Злость и раздражение на глазах сменялись усталостью, и бить лицо напарнику уже не хотелось совершенно. Тот, очевидно, тоже почувствовал, что его зубам ничего не грозит, поэтому сплюнул кровь из разбитой губы, и сердито буркнул:

– А что, ждать, пока их тут всех пожгут?

– Дурак, – Александр присел рядом, оперевшись на винтовку. – А если бы мы не справились? Если бы я не успел – что бы ты делал? Лежал и разлагался?

– Так ведь успел же…

– А если бы просто плюнул и не стал связываться?

– А вот ни фига, – Павел сплюнул тягучую, подкрашенную в красный цвет слюну, и злорадно ухмыльнулся. – Во-первых, тебе было бы сложно допереть ящик одному. А во-вторых, помнишь, что ты мне сказал? Ну, тогда, на Карибах? Своего надо вытаскивать, даже если потребуется идти по лезвию. Так что я в тебе не сомневался.

– Дурак, – устало махнул рукой Александр и несколько секунд мрачно смотрел на постапокалиптический пейзаж, достойный кисти Васнецова. – Ты точно цел?

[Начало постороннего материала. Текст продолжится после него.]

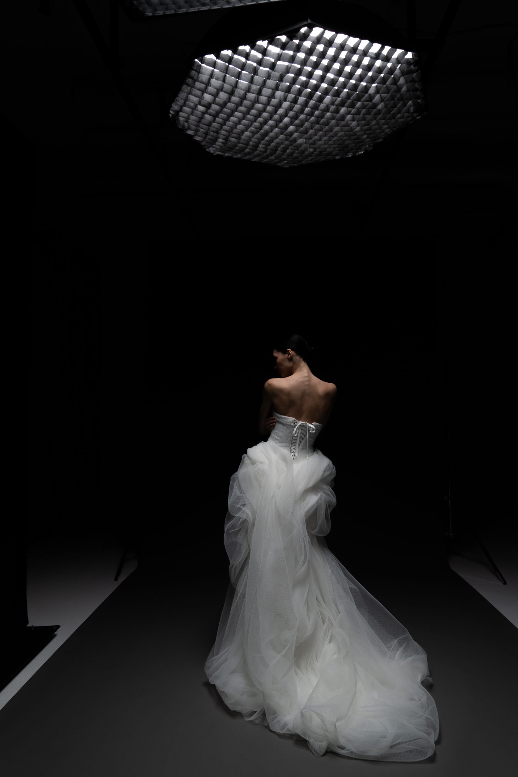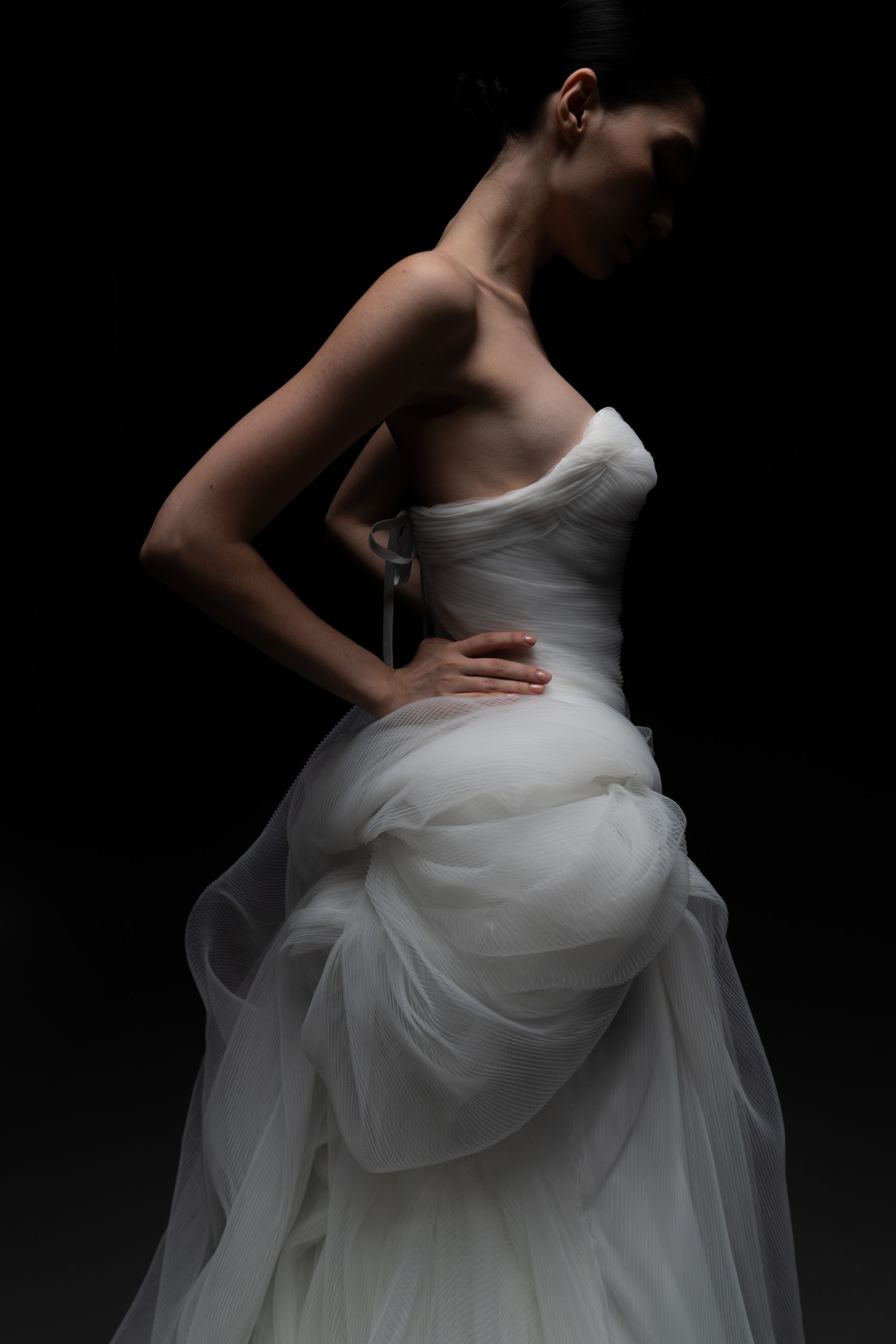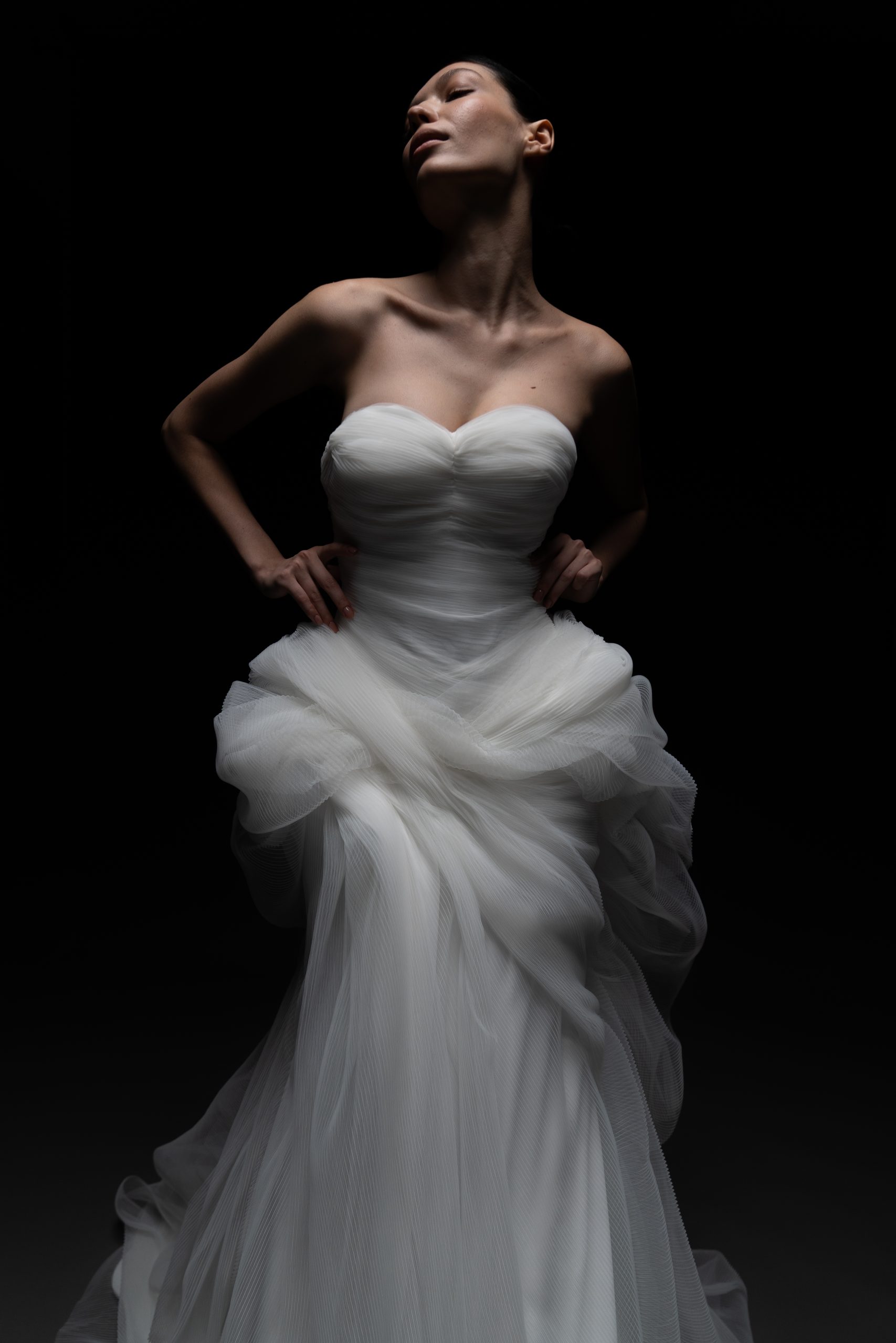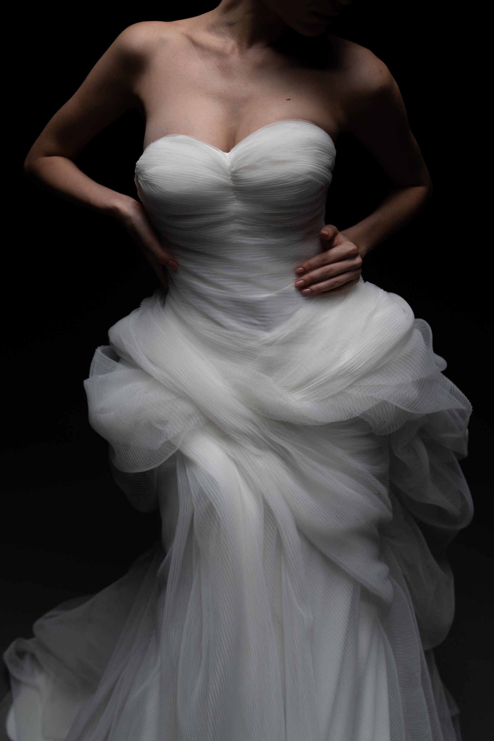 Роскошь, которая говорит шёпотом. Объёмные драпировки тюля струятся, словно дыхание ветра, а корсет подчёркивает утончённую силуэтную линию.

Как оказалось, не совсем. Две пули бронежилет все же словил. Одна прошла вскользь, не пробив защиту, вторая пробила, но попала очень удачно. Для Павла удачно, разумеется – содрала кожу на боку, и этим все ограничилось. Даже крови почти не было. Еще раз высказав напарнику все, что думает о его умственных способностях, Александр устало помассировал виски и поинтересовался: напарник хоть раненых-то добил? Поинтересовался между делом, уверенный, что уж этим-то Павел озаботился, и матерно выругался, узнав, что тот даже не подумал доделать работу.

К счастью, ничего страшного не произошло. Среди полицаев живых оказалось всего трое, и все они маскировались под убитых. Двое просто без сознания валялись, а третий, тот самый, которому в начале боя разворотило бедро, показывал чудеса самообладания, ухитрившись и терпеть боль, и зажимать рану, и при этом молча лежать, со стороны ничем не отличаясь от трупа. Впрочем, когда он заметил, что победители зачищают поле боя, достреливая раненых, и направляются к нему, то попытался добраться до своего оружия. Движения полицая, правда, были рваными и замедленными, поэтому Павел, находившийся совсем рядом, вне его поля зрения, просто двинул лежащего ногой в простреленное бедро. Полицай только взвыл и закатил глаза, потеряв сознание. Александр, глядя на это, лишь поморщился – на месте напарника он бы просто выстрелил, а этот умник еще и перевязывать этот будущий труп взялся. Вон, тратит на него стерильный бинт. На кой, спрашивается?

Кроме полицая, живым оказался и офицер. Пуля в живот – это при нынешнем развитии медицины, точнее, ее полном отсутствии в этих местах, чаще всего смертельно. Но пуля в живот редко убивает сразу, и фриц еще жил – лежал, скрючившись, медленно истекая кровью. Раненый был без сознания, даже не застонал, когда Александр пнул его в бок, Однако, когда он поднял свой ТТ, Павел перехватил его руку:

– Оставь.

– Почему? – сказать, что Александр был удивлен, значит, ничего не сказать. Павел лишь ухмыльнулся в ответ:

– А я с ним поговорить хочу. И вон с тем хмырем – тоже.

– С одноногим?

– Ну да. Понимаешь, он ведь выругался, когда потянулся за винтовкой.

– И что?

– Я в детстве жил во Львове. Недолго, года два, с родителями. Потом им… пришлось уехать.